Le Europee sono state una grande lezione per Luigi Di Maio. «Sono qui per fare i complimenti a tutti i partiti che hanno registrato un incremento – ha esordito il capo politico dei Cinquestelle – Faccio gli auguri a tutti gli europarlamentari eletti. Per noi le elezioni Europee sono andate male e prendiamo una grande lezione. Impariamo e non molliamo. Come forza politica il Movimento sta correndo una maratona, non i 100 metri. È chiaro che la nostra gente si è astenuta. C’è tanto da fare ancora. Ci sono tante persone che attendono. Ci sono promesse da mantenere e da realizzare». Quindi si è rivolto ai suoi elettori: «Ringrazio i 4,5 milioni che hanno votato il M5s e ringrazio anche chi non ci ha votato perché dal loro comportamento noi impariamo e prendiamo una bella lezione. Faccio i complimenti alla Lega e al Pd e a tutti i partiti che hanno avuto un incremento».

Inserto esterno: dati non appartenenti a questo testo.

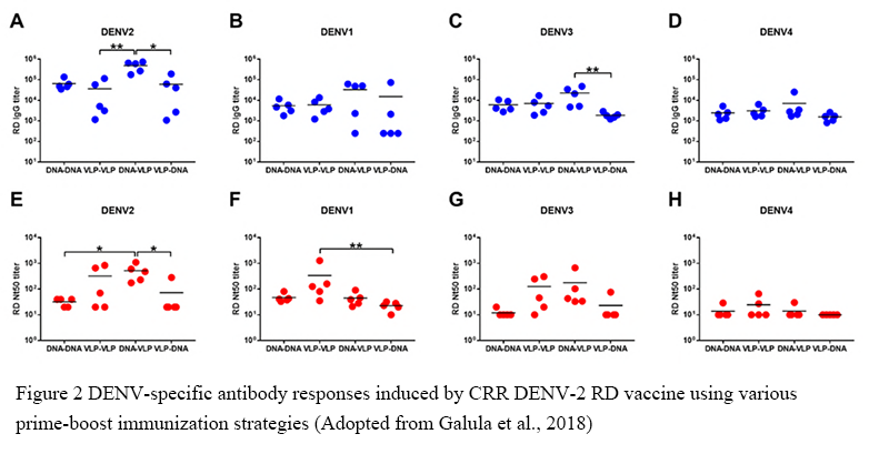 Figure 2 DENV-specific antibody responses induced by CRR DENV-2 RD vaccine using various prime-boost immunization strategies (Adopted from Galula et al., 2018) |

«Ho sentito Giuseppe Conte e gli ho chiesto di convocare il prima possibile un vertice di governo, dobbiamo lavorare alle promesse che abbiamo fatto agli italiani», ha detto il capo politico dei Cinquestelle. «Noi pensiamo che si debba andare avanti per fare le cose. Se ci sono delle richieste che vengono dalla Lega, aspetto che si facciano di persona, mi auguro sia finita la stagione in cui ci diciamo le cose a mezzo stampa. Ho sempre trattato la Lega alla pari – ha spiegato Di Maio – non ho mai fatto pesare che si dovevano approvare due provvedimenti ogni provvedimento della Lega. Anche per questo per me non cambia nulla. Porteremo avanti il programma di Governo, con assoluta lealtà al nostro principale alleato, che è il contratto». Ma ha anche sottolineato che il M5s non rinuncerà «mai a dire quello che non ci sta bene, ad arginare proposte che non stanno nel contratto, tutelandolo da idee che possono essere estreme e favorire l’illegalità». «È arrivato il momento di dare seguito al progetto di riorganizzazione – ha concluso – Bisogna accelerare e per farlo il Movimento ora ha bisogno di tutti».